== SUPPLIED RECORDS ==
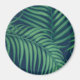 Palma tropical verde deixa gráficos sobre fundo azul escuro.
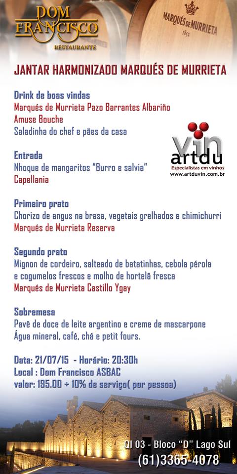Marqués de Murrieta e Art du Vin – Na terça-feira (21.07), às 20h30min, será realizado o Jantar Harmonizado Marqués de Murrieta, com o enólogo da vinícola João Machete Pereira. Os vinhos espanhóis são importados pela Art du Vin. O jantar assinado pelo chef Francisco Ansiliero terá um custo de R$ 195,00, mais taxa de 10% de serviço. Para dar as boas-vindas aos clientes, a saladinha do chef e os pães da casa vão acompanhar o Marqués de Murrieta Pazo Barrantes Albariño Amuse Bouche. Como entrada, o nhoque de mangaritos a burro e sálvia será servido com o Capellania. O primeiro prato, chorizo de angus na brasa com vegetais grelhados e chimichurri vai vir acompanhado do Marqués de Murrieta Reserva. Já O mignon de cordeiro, salteado de batatinhas, cebola pérola e cogumelos frescos com molho de hortelã fresca, segundo prato, será servido com o Marqués de Murrieta Castillo Ygay. A sobremesa, o doce de leite argentino e creme de mascarpone fecham a noite com sucesso. Como complemento, água mineral, chá, café e petit fours. As reservas antecipadas podem ser realizadas pelo telefone (61) 3365 4078.
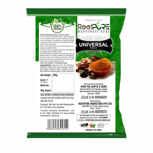 - One Spice Fits All: Rootpure Universal Masala is the answer to your culinary needs, a versatile blend that easily enhances the flavor of any dish. From curries to stir-fries, this is the one spice you need for culinary excellence.
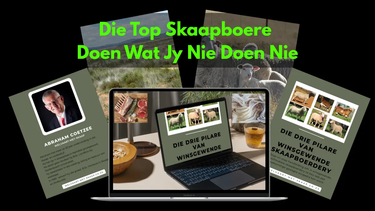 ’n stap-vir-stap mentorprogram wat ontwerp is om jou skaapboerdery van ’n finansiële stryd om oorlewing na ’n winsgewende, volhoubare besigheid te verander. As jy moeg is vir lang ure, stygende kostes en onsekerheid oor jou plaas se toekoms, is hierdie jou padkaart na sukses.
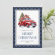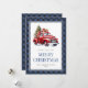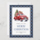 Le buffle bleu aquarelle plaid les cartes de Noël avec un camion rouge portant un sapin de Noël. Personnalisez facilement cette carte de Noël de camion rouge d'aquarelle enneigée avec votre nom de famille et votre année. Autres options de couleurs disponibles.
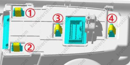 2. После снятия центральной панели управления используйте плоскогубцы, чтобы сжать четыре крепежных зажима, как показано на рисунке, и затем снимите выключатель электрического стояночного тормоза.
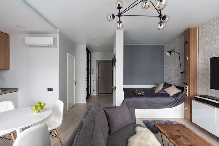 Скрытые зоны: спрячьте кровать или даже целую мини-кухню в нишу или шкаф. Утром закрыли дверцы – и у вас чистая гостиная, а не спальня.
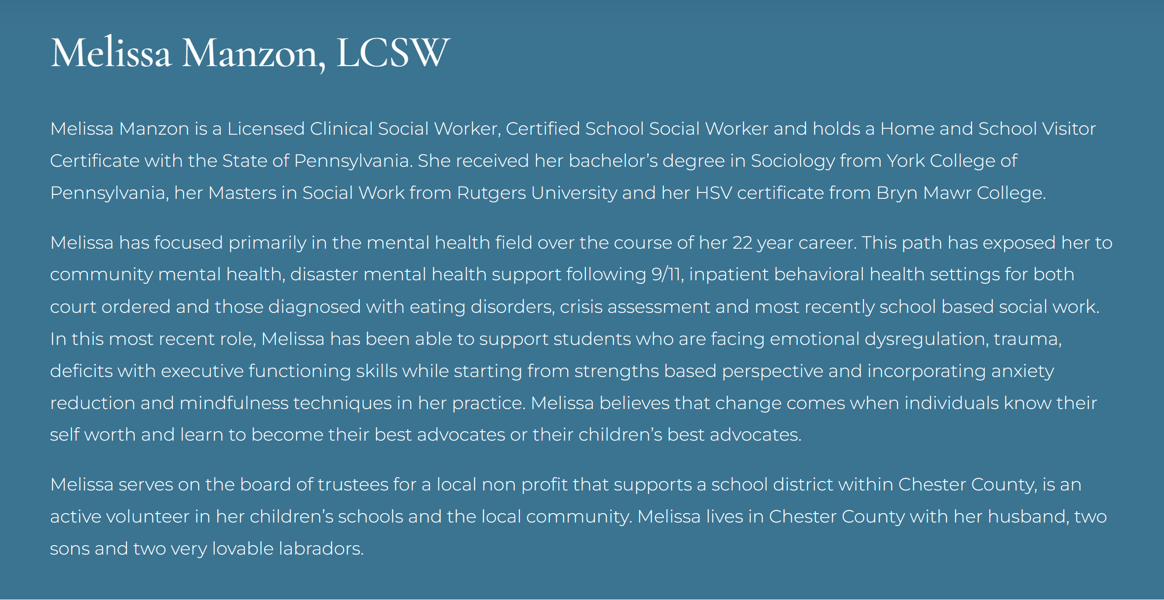 We have two physical locations in Pennsylvania: Plymouth Meeting (ZIP 19462) and Phoenixville (ZIP 19460). Telehealth sessions are also available to clients in PsyPact-approved states.
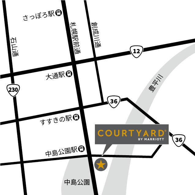 本ホテルは、最寄りの札幌市営地下鉄南北線「中島公園」駅から 徒歩3 分、JRに乗り継ぎも可能な「さっぽろ駅」までは地下鉄で約8分と北海道各地へのアクセスにも便利です。また、すすきのや大通など、札幌の中心部も徒歩圏内にあり、ショッピングや市内観光を楽しめます。冬には、周辺のホテル経由のバスに乗って、市内主要スキー場に行くこともできます。
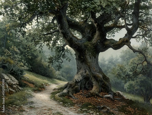 Serene Forest Path with Majestic Oak Tree - Nature Painting
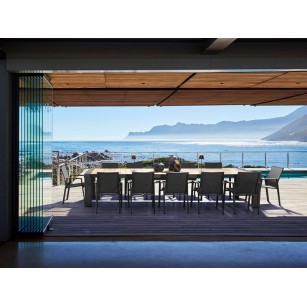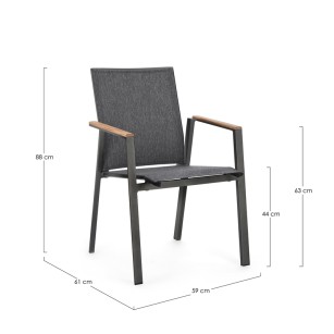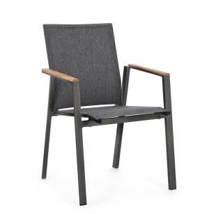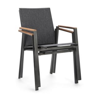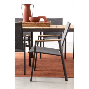 ESTRUCTURA DE ALUMINIO, BARNIZADO A POLVO (POLIESTÉR). REPOSABRAZOS CON INSERCIONES DE TECA. ASIENTO Y RESPALDO REVESTIDOS DE TEXTILENE PHIFER 1X1.
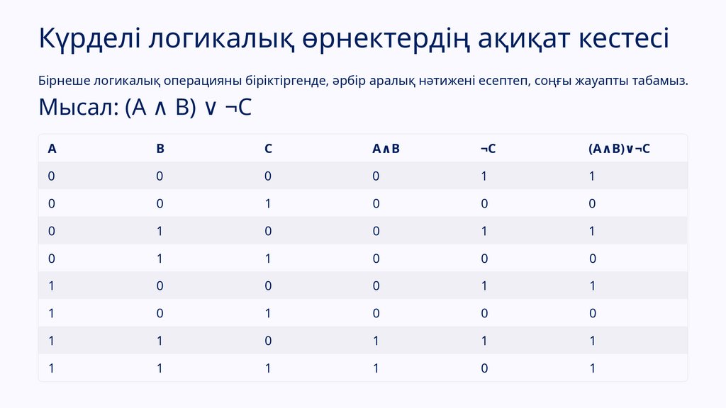 Күрделі логикалық өрнектердің ақиқат кестесіБірнеше логикалық операцияны біріктіргенде, әрбір аралық нәтижені есептеп, соңғы жауапты табамыз.
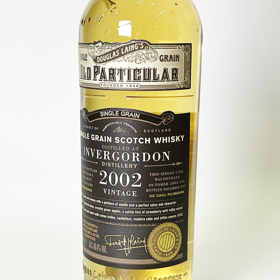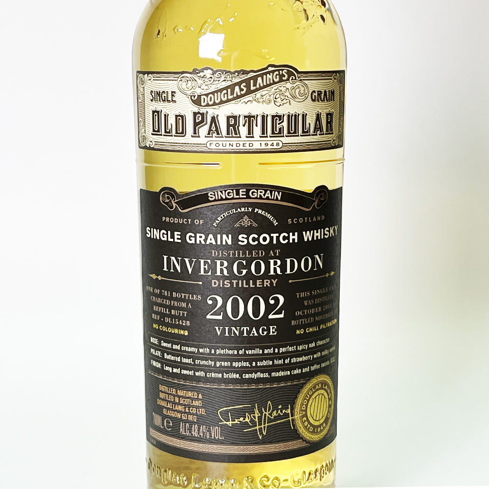 The "Old Particular" series is a carefully selected, high-quality series released by major bottler Douglas Laing. Founded in 1960, Invergordon Distillery is the only grain distillery in the Highlands and is the source of Whyte & Mackay's whiskey.
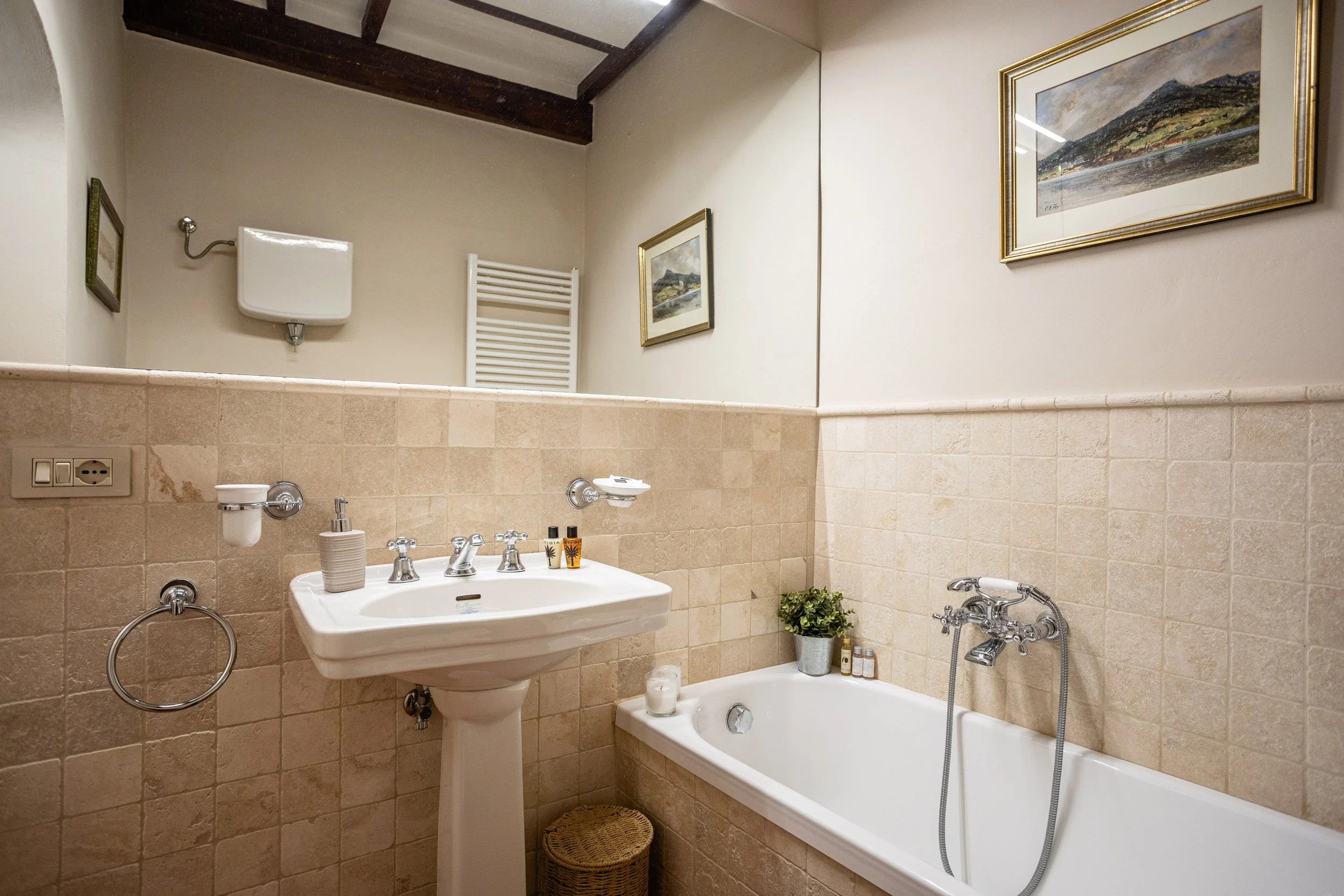 Inside, traditional features—exposed wooden beams, terracotta floors, and stone accents—create a warm and inviting atmosphere. The comfortable living room is perfect for unwinding after a day of exploring Cortona’s winding streets and historic sites. The well-equipped kitchen pairs modern amenities with rustic charm, making it easy to prepare meals with fresh local ingredients.
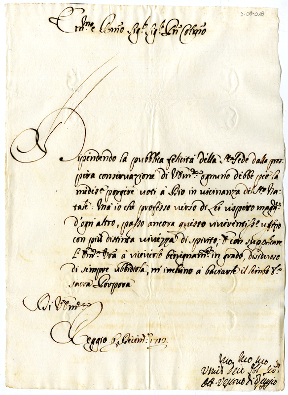 Lettera di Ottavio vescovo di Reggio al cardinale Annibale Albani (1712 dicembre 6)
===
(WHAT IS REQUIRED):
You are asked to reproduce each line above exactly, but to exclude the pictures.

(THE ANSWER):
 Palma tropical verde deixa gráficos sobre fundo azul escuro.
Marqués de Murrieta e Art du Vin – Na terça-feira (21.07), às 20h30min, será realizado o Jantar Harmonizado Marqués de Murrieta, com o enólogo da vinícola João Machete Pereira. Os vinhos espanhóis são importados pela Art du Vin. O jantar assinado pelo chef Francisco Ansiliero terá um custo de R$ 195,00, mais taxa de 10% de serviço. Para dar as boas-vindas aos clientes, a saladinha do chef e os pães da casa vão acompanhar o Marqués de Murrieta Pazo Barrantes Albariño Amuse Bouche. Como entrada, o nhoque de mangaritos a burro e sálvia será servido com o Capellania. O primeiro prato, chorizo de angus na brasa com vegetais grelhados e chimichurri vai vir acompanhado do Marqués de Murrieta Reserva. Já O mignon de cordeiro, salteado de batatinhas, cebola pérola e cogumelos frescos com molho de hortelã fresca, segundo prato, será servido com o Marqués de Murrieta Castillo Ygay. A sobremesa, o doce de leite argentino e creme de mascarpone fecham a noite com sucesso. Como complemento, água mineral, chá, café e petit fours. As reservas antecipadas podem ser realizadas pelo telefone (61) 3365 4078.
 - One Spice Fits All: Rootpure Universal Masala is the answer to your culinary needs, a versatile blend that easily enhances the flavor of any dish. From curries to stir-fries, this is the one spice you need for culinary excellence.
 ’n stap-vir-stap mentorprogram wat ontwerp is om jou skaapboerdery van ’n finansiële stryd om oorlewing na ’n winsgewende, volhoubare besigheid te verander. As jy moeg is vir lang ure, stygende kostes en onsekerheid oor jou plaas se toekoms, is hierdie jou padkaart na sukses.
 Le buffle bleu aquarelle plaid les cartes de Noël avec un camion rouge portant un sapin de Noël. Personnalisez facilement cette carte de Noël de camion rouge d'aquarelle enneigée avec votre nom de famille et votre année. Autres options de couleurs disponibles.
 2. После снятия центральной панели управления используйте плоскогубцы, чтобы сжать четыре крепежных зажима, как показано на рисунке, и затем снимите выключатель электрического стояночного тормоза.
 Скрытые зоны: спрячьте кровать или даже целую мини-кухню в нишу или шкаф. Утром закрыли дверцы – и у вас чистая гостиная, а не спальня.
 We have two physical locations in Pennsylvania: Plymouth Meeting (ZIP 19462) and Phoenixville (ZIP 19460). Telehealth sessions are also available to clients in PsyPact-approved states.
 本ホテルは、最寄りの札幌市営地下鉄南北線「中島公園」駅から 徒歩3 分、JRに乗り継ぎも可能な「さっぽろ駅」までは地下鉄で約8分と北海道各地へのアクセスにも便利です。また、すすきのや大通など、札幌の中心部も徒歩圏内にあり、ショッピングや市内観光を楽しめます。冬には、周辺のホテル経由のバスに乗って、市内主要スキー場に行くこともできます。
 Serene Forest Path with Majestic Oak Tree - Nature Painting
 ESTRUCTURA DE ALUMINIO, BARNIZADO A POLVO (POLIESTÉR). REPOSABRAZOS CON INSERCIONES DE TECA. ASIENTO Y RESPALDO REVESTIDOS DE TEXTILENE PHIFER 1X1.
 Күрделі логикалық өрнектердің ақиқат кестесіБірнеше логикалық операцияны біріктіргенде, әрбір аралық нәтижені есептеп, соңғы жауапты табамыз.
 The "Old Particular" series is a carefully selected, high-quality series released by major bottler Douglas Laing. Founded in 1960, Invergordon Distillery is the only grain distillery in the Highlands and is the source of Whyte & Mackay's whiskey.
 Inside, traditional features—exposed wooden beams, terracotta floors, and stone accents—create a warm and inviting atmosphere. The comfortable living room is perfect for unwinding after a day of exploring Cortona’s winding streets and historic sites. The well-equipped kitchen pairs modern amenities with rustic charm, making it easy to prepare meals with fresh local ingredients.
 Lettera di Ottavio vescovo di Reggio al cardinale Annibale Albani (1712 dicembre 6)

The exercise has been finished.